C. SCOPE OF CONSULTATIVE COMMITTEES
(i) The functions of the consultative committee include:
(a) Award implementation
(b) training
(c) consultation with regard to organisation restructure
(d) job redesign
(e) salary systems
(f) communication and education mechanisms
(g) performance management systems
(h) changes to variable working hours arrangements for new or vacant positions
(i) local government reform
(j) proposed variations to leaseback vehicle arrangements
(k) health and wellbeing programs.
(ii) The consultative committee shall not consider matters which are being or should be processed in accordance with Award clause 37, Grievance and Disputes Procedures.
D. MEETINGS AND SUPPORT SERVICES
(i) The consultative committee will make recommendations based upon consensus. Where there is no consensus on a particular item, the recommendation to the employer should note the dissenting views.
(ii) The consultative committee shall meet as required.

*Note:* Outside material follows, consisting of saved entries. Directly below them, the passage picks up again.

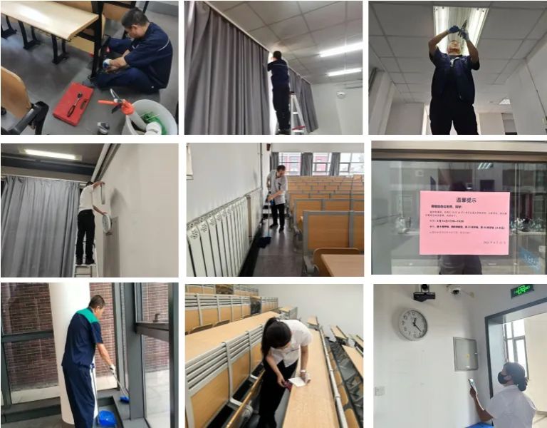 高效部署,保障有力。接到考试保障通知后,物业管理中心迅速响应,第一时间召开专项会议,制定详实保障方案,明确任务分工。考前,中心组织人员对考场内的桌椅、照明、钟表、空调、窗帘等设施设备进行了全面检修维护,同步完成了所有考场的深度清洁、消毒通风及封楼准备工作,确保考场环境安全、整洁、规范,各项设施运行良好。
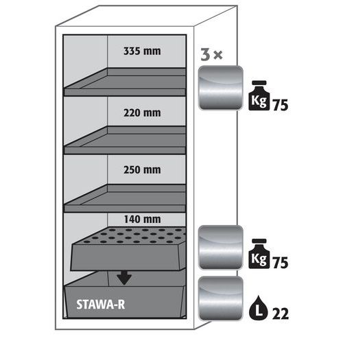 Armoire S-CLASSIC90 Maintien porte - Bac rétention - 596mm - Asecos
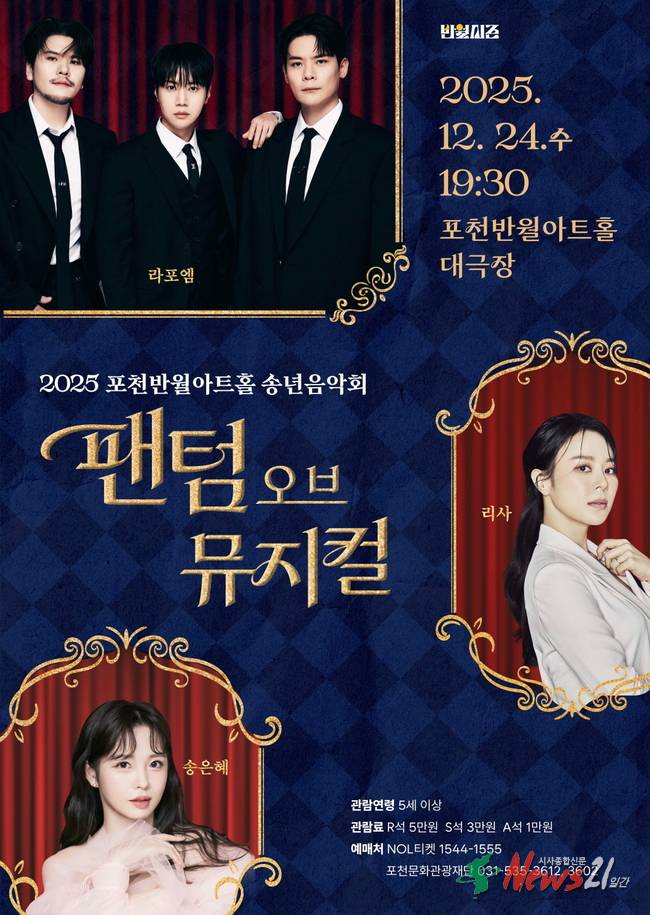 이번 송년음악회는 한 해를 마무리하며 시민들에게 감동적인 음악 경험을 선사하기 위해 마련된 공연으로, 국내 최정상 아티스트들이 포천반월아트홀 무대에서 다양한 뮤지컬 명곡과 대중음악을 선보일 예정이다.
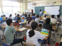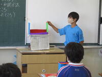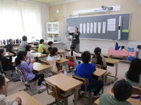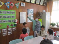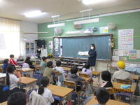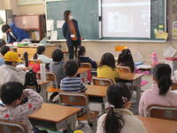 ATLのジャッキー先生,外国語の薄井先生による外国語特別授業を行っています。動物の名前を覚えて,英語で「進化じゃんけん」をしました。英語を知っている子も,知らない子も,大きな声で発音しながら外国語に親しみました。
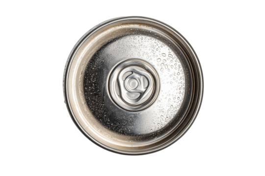 Close up of a condensation covered aluminum can top showing intricate details and texture
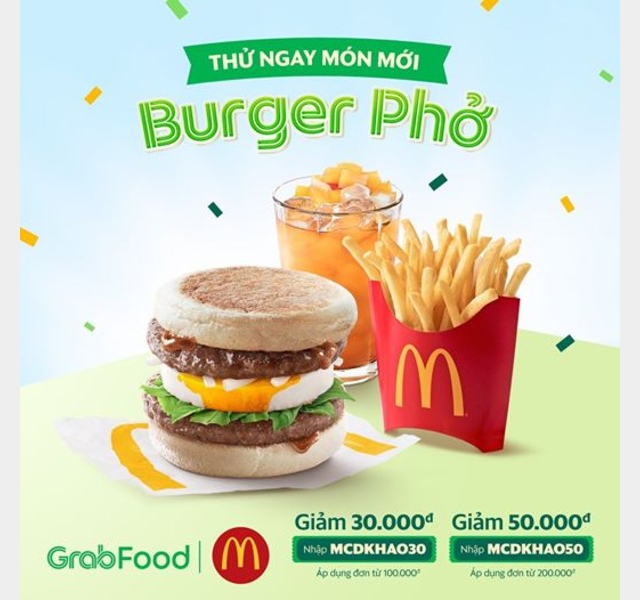 GrabFood cùng McDonald’s tặng bạn mã giảm giá giúp các bạn thưởng thức Burger Phở trứ danh tiết kiệm tại gia:
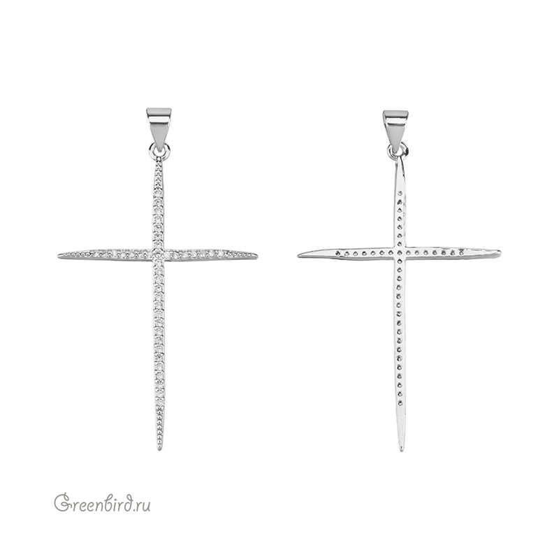 Фурнитура для бижутерии - подвеска в форме крестика с фианитами. Материал: латунь, покрытие: родий. Цвет вставки: Crystal. Размер с колечком: 45 х 29 х 1,7 мм, внутренний диаметр колечка: 1,5 мм. Производство: Китай. Цена указана за 1 шт.
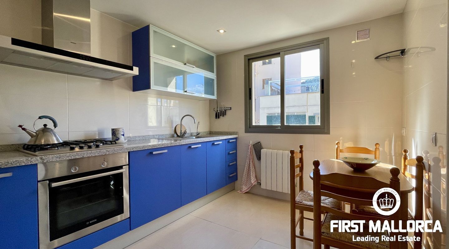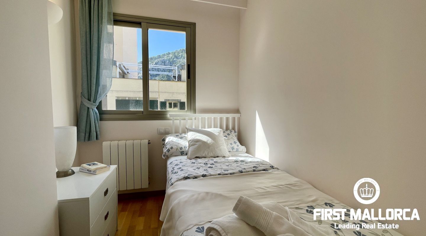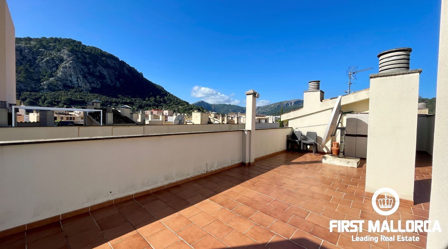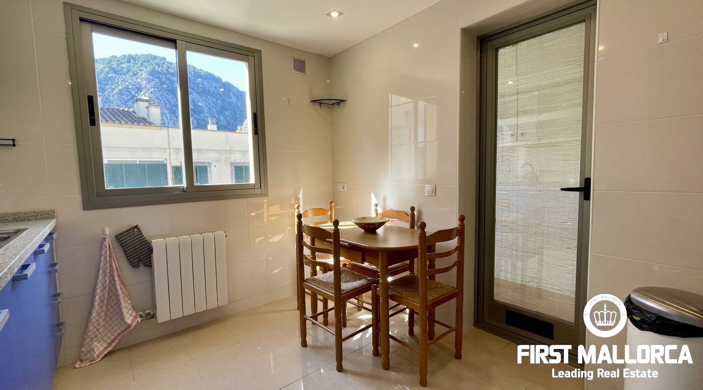 Denna mysiga lägenhet, som ligger inom gångavstånd från den välkända och vackra Plaza Major i Pollensa, har två dubbelrum och ett enkelrum, alla med inbyggda garderober. Perfekt för att ta emot familj och vänner och njuta av en skräddarsydd semester eller arbetssemester. Ett badkar och ett duschrum ger möjlighet att börja och avsluta dagen på ett avslappnat sätt. och avsluta den. Parkettgolvet ger värme och stil, medan luftkonditionering och centralvärme garanterar ett mysigt boende året runt Det fullt utrustade köket och det angränsande tvättstugan med tvättmaskin ger en avkopplande tid på Mallorca. Tysk och engelsk TV och WIFI finns naturligtvis också. Om den lilla balkongen inte räcker till, erbjuder den privata 70m2 spektakulära takterrassen med en otrolig utsikt utrymme för att koppla av eller ta emot gäster. En hiss som också går till den underjordiska parkeringen, där du har en parkeringsplats, tar dig bekvämt till andra våningen i lägenheten För dina dagliga behov finns det restauranger, butiker, livsmedelsbutiker och barer inom en 2-minuters radie från lägenheten.
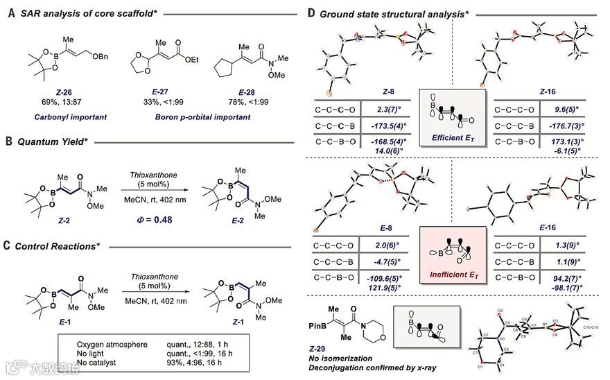 根据作者的设想,反应的选择性不是源于烯烃取代基的位阻效应,而是源于硼原子和羰基氧原子的路易斯酸碱作用。为了验证这一假设,作者进行了对照试验。当用烯丙醚作为反应底物时(Z-26),反应的异构化产率仅有13%,这证明了底物中羰基官能团的重要性。当用不含硼原子的丙烯酸酯或丙烯酰胺时,异构化反应完全被抑制,表明了硼原子对该异构化反应不可或缺(E-27和E-28,图3A)。为了验证该反应是否经过自由基链反应机理,作者测量了该反应的量子效率。结果表明量子效率为0.48,证明了该反应并不是一个自由基链反应(图3B)。进一步的对照试验表明,惰性气体氛围、光以及光催化剂对该异构化反应至关重要(图3C)。X射线晶体结构表明,当底物上的羰基和硼酸酯位于双键两侧时,硼酸酯和双键位于同一平面;对于异构化产物,硼原子则旋转了90 ℃,破坏了底物烯烃中硼原子p轨道与双键π轨道的共轭性,这些数据和作者的最初假设都完全吻合(图3D)。
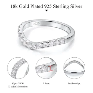 خاتم زفاف منحني من M-JAJA من حجر الموزانيت نصف الأبدي من الفضة الإسترلينية عيار 925، وزن 0.39 قيراط، D VVS1 Lab، خواتم ألماس للنساء

35. APPOINTMENT AND PROMOTION
(i) Where an employer is required by section 348 of the Local Government Act 1993 (NSW) to advertise a position within the organisation structure of the employer, prior to advertising the position externally, the employer may consider advertising the position internally if such an approach enables suitably qualified persons to apply for the position.

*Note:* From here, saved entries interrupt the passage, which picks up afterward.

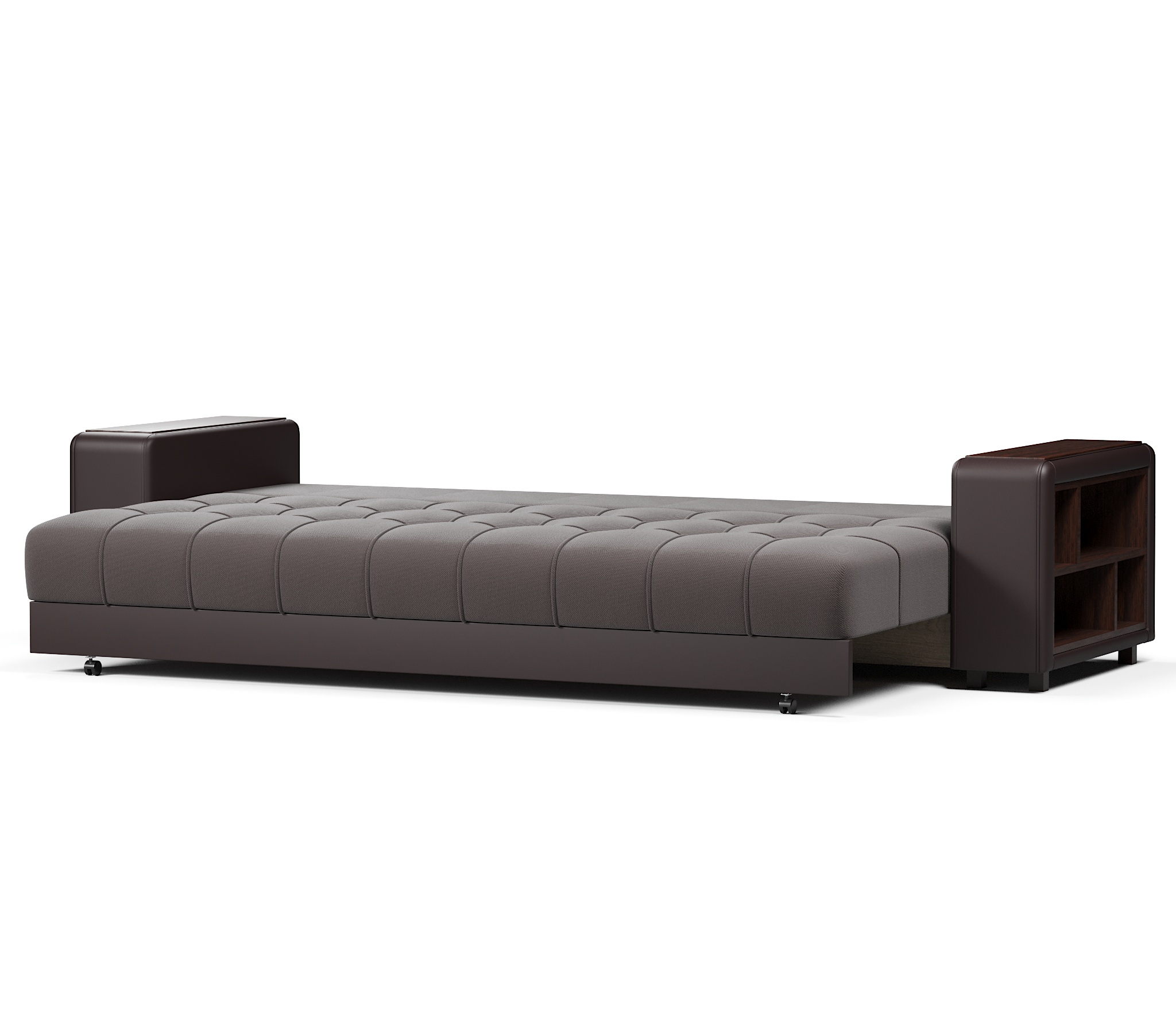 Прямой диван Дубай это отличный выбор для тех, кто планирует создать уют в своей квартире. Модель имеет выдержанный дизайн без элементов, которые перегружают её. С каждой стороны в подлокотниках установлены полки, куда вы сможете складывать различные мелочи, пульт итд.
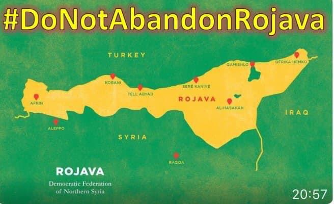 - بۆ ئیدانەکردنی مامەڵەی قێزەونی نێوان بەڕێوەبەریی ئەمریکا و تورکیا بەرامبەر بە گەلانی باکوو و ڕۆژهەڵاتی سوریا، لە بەردەم بارەگای هێزەکانی هاوپەیمانیی نێودەوڵەتیی دژ بە داعش لە #کۆبانی# کۆدەبنەوە.[5]
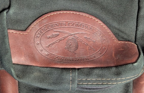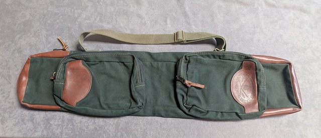 Measures 30" x 5 1/2" wide with 2 zippered pockets 9" x 6". to carry reels and fly boxes. Brown leather trim with heavy green canvas. Adjustable carry strap. $100.
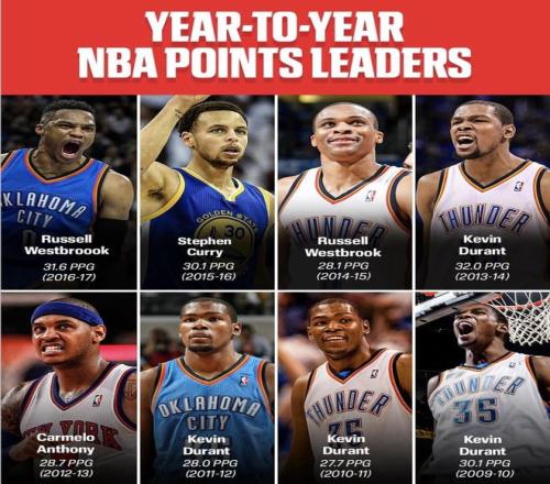 赛季:2016-2017威斯布鲁克 (Russell Westbrook) 国籍:美国 俱乐部:俄克拉荷马城雷霆 场均得分:31.6 年龄:28
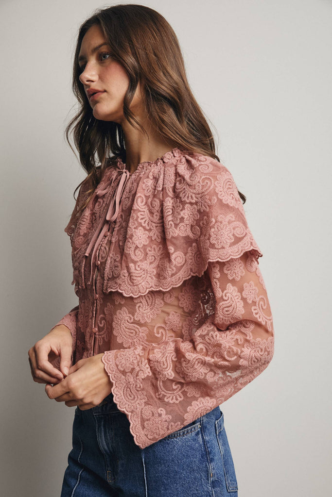Sheer Embroidered Lace Blouse
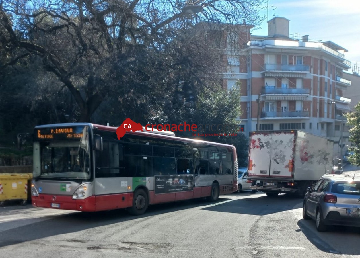 ANCONA - L'incidente è avvenuto nella mattinata. Una giovane passeggera è rimasta lievemente contusa. I vetri di sicurezza del mezzo pubblico hanno evitato conseguenze peggiori per i passeggeri

(ii) Where a job applicant for a position is unsuccessful, they may request the reason(s) as to why they were not appointed, and upon such request, the employer shall provide the reason(s).
(iii) Where an employee has applied for a position and their application is unsuccessful, they may request a review of their individual education and training needs.
(iv) Employers shall provide every new employee a copy of the Local Government Employee Information Statement (“LGEIS”) approved by the Association and Unions before, or as soon as possible after, they commence employment with the employer.
36. Term Contracts
(i) The employer may only employ a person on a term contract of employment in the following situations:
(a) for the life of a specific task or project that has a definable work activity, or
(b) to perform the duties associated with an externally funded position where the length of the employment depends on the length of the funding, or
(c) to perform the duties associated with a vacant position until the vacant position is filled on a permanent basis, provided that the duration is no longer than is reasonably necessary to undertake recruitment for the vacant position, or
(d) to temporarily replace an employee who is on approved leave, secondment, workers compensation, acting in a different position or working reduced hours under a flexible work and leave arrangement, or
(e) to undertake training and work as part of an apprenticeship, traineeship graduate training program or student work experience program in conjunction with an education institution, or
(f) to trial a new work area, provided that the duration is no longer than is reasonably necessary to trial the new work area, or
(g) to perform the duties associated with a vacant position during the intervening period between when the employer has made a definite decision to introduce major changes in production, program, organisation structure or technology that are likely to have significant effects on the employment in the vacant position and the date that the changes are implemented; or
(h) to accommodate time limitations imposed by law or sought by the employee (e.g. visa restrictions); or
(i) to perform seasonal work (also see subclause 23E(xii) of this Award).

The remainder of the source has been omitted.